In an analysis of third party apps that generated more than a thousand downloads per year, app figures discovered several genres that had found themselves in Apple's Crosshairs in 2024. In terms of worldwide gross revenue, those categories have generated significant income over the past 12 months, with the trail app category making the most at $307 million per year led by market leader and 2023 Apple app of the year, all trails.

Grammar helper apps like Grammarly and others also generated $35.7 million while math helpers and password managers earn $23.4 million and $20.3 million respectively, apps for making custom emoji generated $7 million, too.

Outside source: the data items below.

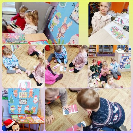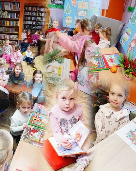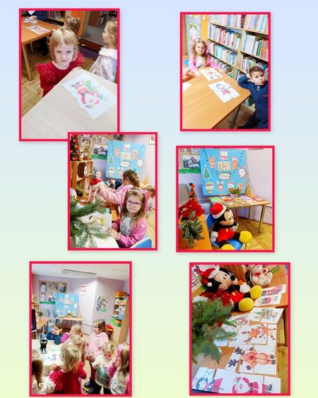 Piękny wystrój od razu przyciągał uwagę Biedronek, Motylków i Pszczółek - kolorowe lampki rozświetlające wnętrze, choinki, stroiki i pachnące gałązki świerku, a całość dopełniała piękna gwiazda betlejemska. Zapach goździków i pomarańczy unosił się w powietrzu wprowadzając dzieci w magiczny czas Bożego Narodzenia. Pani bibliotekarka opowiedziała o bożonarodzeniowych zwyczajach i obrzędach i zaprosiła do wysłuchania bajki pt „Święta Tupcia Chrupcia”. Mali goście z zainteresowaniem śledzili historię bohatera, a następnie aktywnie uczestniczyli w rozmowach na temat przeczytanego tekstu. Nie zabrakło również świątecznych zagadek, układania puzzli oraz słuchania pastorałek. Na zakończenie zajęć w bibliotece Motylki, Biedronki i Pszczółki otrzymały mikołajkową zakładkę do książki - drobny upominek, który będzie przypominał o tym przedświątecznym spotkaniu.
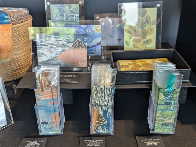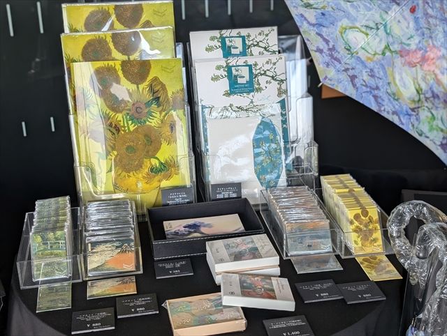 特設ショップでは、ゴッホやモネ、北斎らの絵が使われたグッズを購入することができます。ファイルやしおり、ポストカードなどの雑貨から、傘やタオルなどの日用品まで、絵画を日常生活に取り入れることができるグッズがもりだくさん。
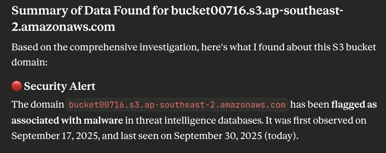 Our search for all the information our homegrown tools can find about bucket00716[.]s3[.]ap-southeast-2[.]amazonaws[.]com via the WhoisXML API MCP Server not only confirmed the subdomain’s malicious nature but also revealed that it was active between 17—30 September 2025.
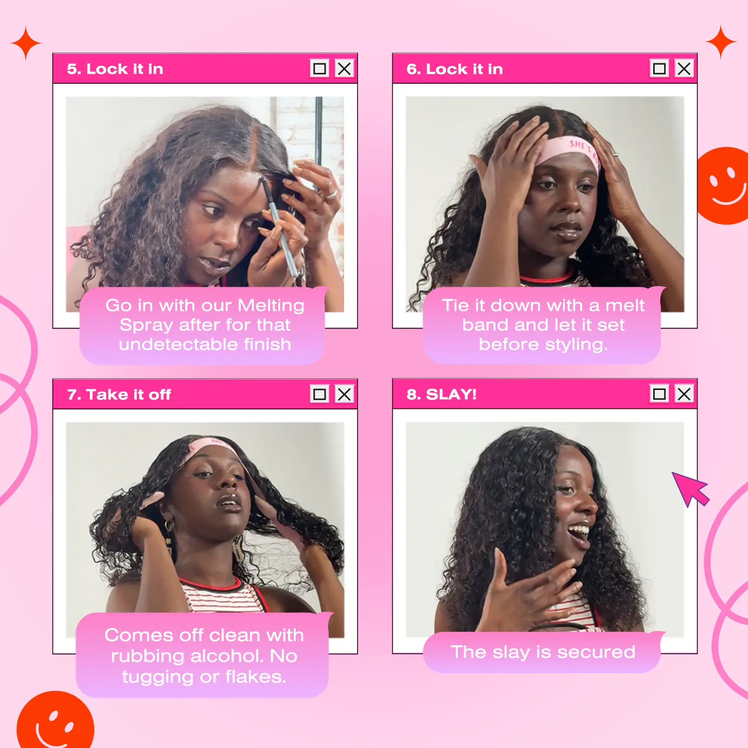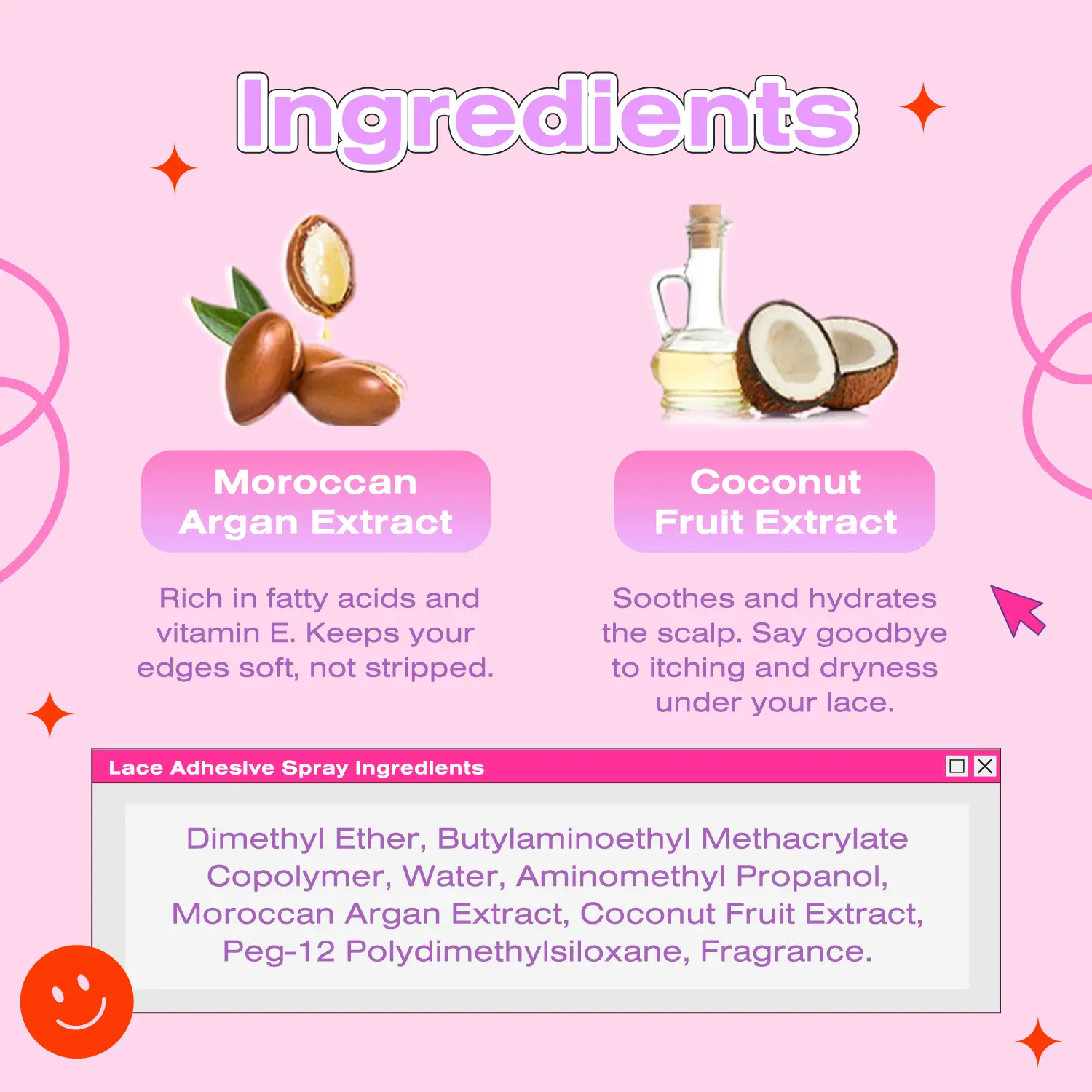 Flip, whip, and never slip. This Lace Adhesive Spray ensures your wig stays in place, keeping your hairline intact and your style on point. It doesn't damage your lace or skin, making it perfect for everyday use.

These trail apps accounted for the vast majority of potentially Sherlocked revenue or 78% noted app figures as well as 40% of downloads of Sherlocked apps. In May 2024, they accounted for an estimated $28.8 million in gross consumer spending and 2.5 million downloads to give you an idea of scale. Many of these app categories were growing quickly with math solvers having seen revenue growth of 43% year over year followed by grammar helpers, up 40% password managers, up 38% and trail apps up 28%.

Emoji making apps however were seeing declines of negative 17% year over year. Although these apps certainly have dedicated user bases that may not immediately choose to switch to a first party offering, Apple's ability to offer similar functionality built in could be detrimental to their potential growth. Casual users may be satisfied by Apple's good enough solutions and won't seek out alternatives.

There is nothing like international tournaments in the summer, flip-ball on all day long while I work. Come on, England. Talk to you tomorrow.